Подобное заключение побуждает нас вернуться к нескольким более ранним замечаниям, касающимся общей социологии символизма. Болезненная реакция на него объяснялась, очевидно, тем, что в его творческой оригинальности и в оригинальных особенностях его творцов видели каприз и неестественность. Казалось, эти художники ставят себя вне человечества. Но человеческое проявляется всего человечнее, прячась в неустранимых индивидуальных странностях. По и Бодлер, как мы уже говорили, — предвестники такого рода странности. Существует ли более волнующая тема для размышления, чем их судьбы, и в чем ином могли бы мы яснее прозреть вероятную тайну нашей судьбы? Не менее яркий образ битвы с жизнью, быть может, даже еще более трагический и страшный, являет Верлен. Ничто не пробудит в нас столь глубокого сопереживания сокрушительной его беде, как возвращение к первому четверостишию «Гробницы», которую посвятил ему Малларме. По-моему, это прекраснейшее из стихотворений цикла «Гробницы», написанных Малларме, певцом смерти и славы.

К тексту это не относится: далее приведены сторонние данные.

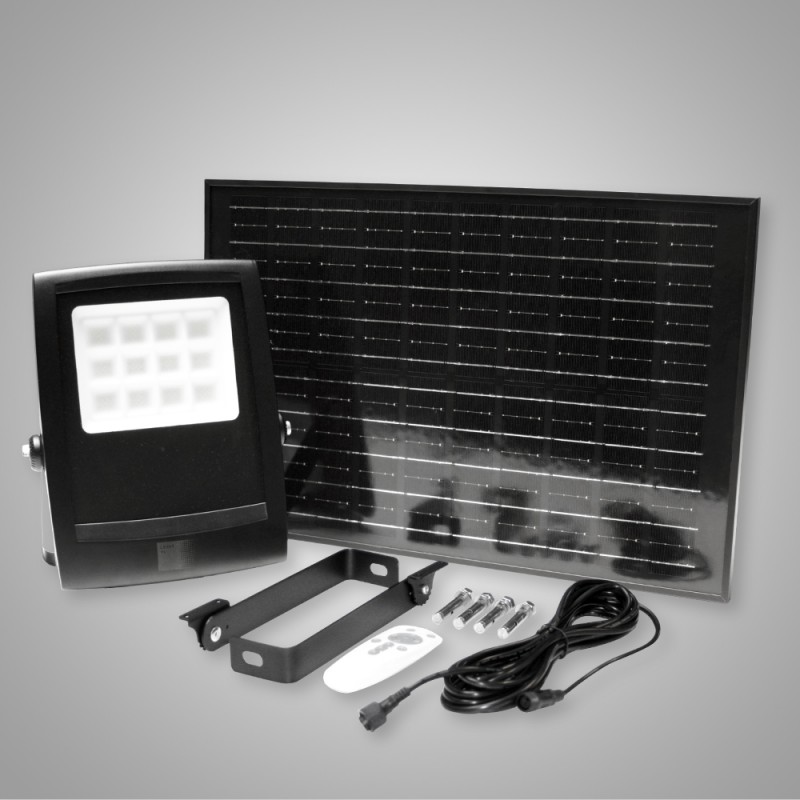 Pack projecteur LED solaire IP65 haute efficacité pour applications extérieures.

О. РОДЕН. Блудный сын. До 1889
Э. МУНК. Крик. 1895
О. РЕДОН. Христос, хранящий молчание
(Пер. М. Талова)
Вдумайтесь. Поймите, что перед нами вершина нравственной мысли. Бездна падения, вдобавок предел безумства, любовная авантюра с Артюром Рембо, выстрел в Брюсселе, тюрьма в Мопсе, откуда вынесены были столь возвышенные порывы к святости, — мало того, еще и абсент, больницы, меблированные комнаты… Но нет: эта лавина ужасов ничем не хуже наших с вами самых обыкновенных ошибок и несчастий. Сул Малларме уравнивает нашу обычность с такими страшными грехопадениями. И этот отшельник, чьи слишком утонченные загадки вызывали смущение у светских эдипов, обращает к нам слово смирения и милосердия. Слово души, услышано ли оно? Какая пропасть между ним и высокомерной бранью, которой осыпают современники искусство тех, кто способен сказать такое слово и посвятить его одному из собратьев-художников, более всех достойному жалости и в то же время осененному, как никто другой, поистине чудным вдохновением!
В. ВАН ГОГ. Sorrow (Горе). 1882
Следует добавить, что непостижимый Малларме в своем повседневном поведении был в высшей степени простым и славным человеком, умевшим ценить блистательную иронию, дружбу, балет, музыку и женщин. Образец мудрости являет и «творческий соратник» поэта — Редон: нетрудно было бы принять его за жертву дьявольских кошмарных наваждений, но, по сути, он терзался лишь проблемами сложнейшей из техник — гравюры. Это великое сердце стоика полностью ограничило себя своим ремеслом и своими привязанностями, ничего не требуя сверх того. Он устоял перед соблазном обращения, вопреки настойчивым уговорам двух очень дорогих ему друзей — Гюисманса и Жамма, и предпочел иную форму духовности, которая создателю образов Христа и Будды представлялась — без лишних громких деклараций — по-своему не менее истинной, чем какое-либо определенное вероисповедание.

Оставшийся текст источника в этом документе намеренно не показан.